Almost nowhere on earth is recent
forest denudation resulting in disasters comparable to those in the
Himalayas, chiefly at 5,000 to 14,000 feet above sea level. Geologically
relatively recent, the massive upthrust which created Mount Everest and
other peaks, also shaped precipitous ridges where soil is held precariously
by forest cover. In the now 75,956 villages spread across the 2,000-mile
long Indian-Himalayan frontier, earning a livelihood is becoming
increasingly hazardous. Overgrazing by sheep, goats and cattle speeds
erosion when the snows melt. Construction of roads for defense purposes and
to reach hallowed shrines, opens forests for logging in a wood-short land,
and replaces "fear of the tiger with fear of landslides."
CHANDI PRASAD BHATT became increasingly aware of the threat of
indiscriminate tree felling after July 20, 1970 when a cloudburst over his
home district of Chamoli suddenly raised the water level of the Alaknanda
River more than 60 feet. Some 400 square miles were flooded as roads and
bridges washed away and Gauna Lake, formerly 330 feet deep, filled with
debris. Also blocked were canals irrigating nearly one million acres in
western Uttar Pradesh. Since then ever more houses, livestock and people
have been lost to floods. In August 1978 the largest landslide of the
century—over two miles long—blocked the Bhagirathi River. Reservoirs behind
the great hydroelectric schemes that are the prime energy hope of the
subcontinent, are rapidly silting up.
BHATT in 1964 had instituted the Dasholi Gram Swarajya Mandal (Society for
Village Self-Rule) to organize fellow villagers in Gopeshwar for employment
near their homes in forest-based industries—making wooden implements from
ash trees and gathering and marketing herbs for aryuvedic medicine-and to
combat vice and exploitation. Curtailment of the villagers' legitimate
rights to trees and forest products in favor of outside commercial interests
enabled BHATT in 1973 to mobilize the forest-wise society members and
villagers into the collective Chipko Andolan (Hug the Trees Movement) to
force revision of forest policies dating from 1917. Women, who regularly
walk three to five miles to the forest to gather and carry home fuel and
fodder on their backs, took the lead. True to the movement's non-violent
philosophy, these women embraced the trees to restrict their felling.

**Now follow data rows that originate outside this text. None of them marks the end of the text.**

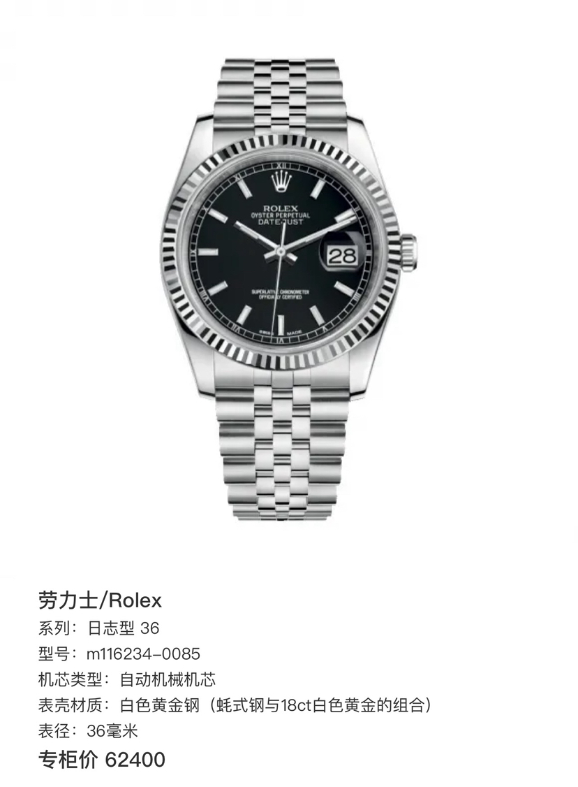 劳力士/Rolex 日志型 36 m116234-0085 闲置未使用 带膜库存品 未使用全套
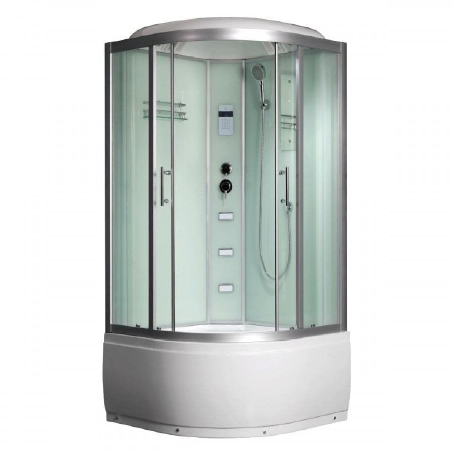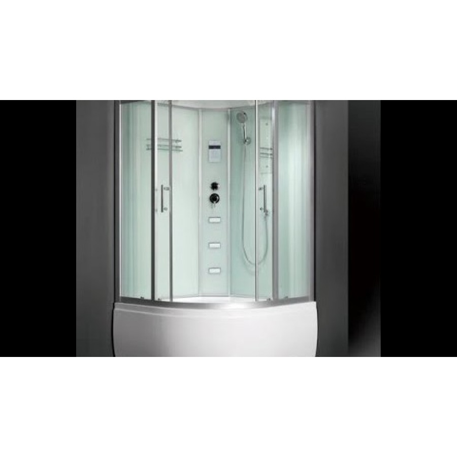 Полностью стеклянная угловая, полукруглая душевая кабина Frank F656 100x100 из закалённого (ESG) стекла с высоким подоном. Передние стёкла прозрачные, задние стёкла белые; толщина стёкол 6мм. На центральной стойке размещены сенсорный пульт управления душевой кабиной с дисплеем, 3 направленных форсунки, переключатель режимов, смеситель. Двери в кабине раздвижные, плавность хода которых гарантирована установленными на них двойными металическими роликами, а на торцах дверей установлены алюминиевые магнитные полосы для плотного закрывания душевой кабины. На задних стенках расположены полочка для фитокосметики, зеркало и трёх-позиционная душевая лейка с возможностью интенсивности массажа. В крышу вмонтирован большой верзний душ (тропический) и 2 LED лампы подсветки душевой кабины. Для недопущения переполнения поддона установлен слив-перелив.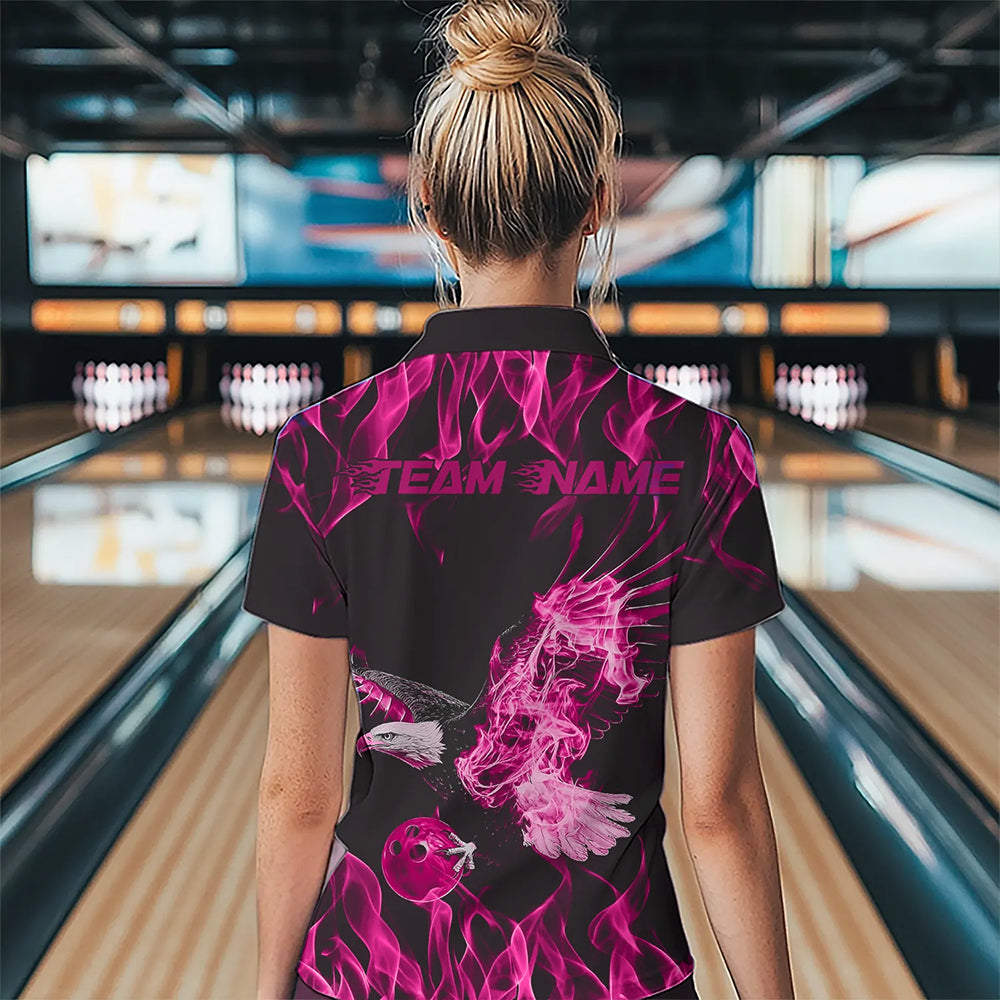 Custom Black And Pink Flame Eagle Bowling Team Women Polo Shirt, Eagle Bowling League Shirt IPHW8791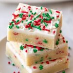 - Add Toppings and Serve: Sprinkle the top with assorted Christmas sprinkles or M&Ms if desired. Cut into squares and serve.

Establishment of "eco-development camps" brought villagers together to
discuss their needs within the context of the ecological balance of the
forest. Stabilizing slopes by building rock retaining walls, the campers
planted trees started in their own village nurseries. While less than
one-third of the trees set out by government foresters survived, up to 88
percent of the villager-planted trees grew.
BHATT and his society colleagues have been helped by sympathetic scientists,
officials and college students. Yet theirs is essentially an indigenous
movement of mountain villagers, and Chipko Andolan has become an instrument
of action and education for members, officials and outsiders, in the
realities of effective resource conservation.
Although BHATT has attended meetings in lowland India and abroad as a
spokesman for Chipko, he has remained a man of his community. Now 48, he,
his wife and five children continue to live the simple life of their
Himalayan neighbors. In the process he has become knowledgeable and
productive in helping ensure his peoples' hard won living.
In electing CHANDI PRASAD BHATT to receive the 1982 Ramon Magsaysay Award
for Community Leadership, the Board of Trustees recognizes his inspiration
and guidance of Chipko Andolan, a unique, predominantly women's
environmental movement, to safeguard wise use of the forest.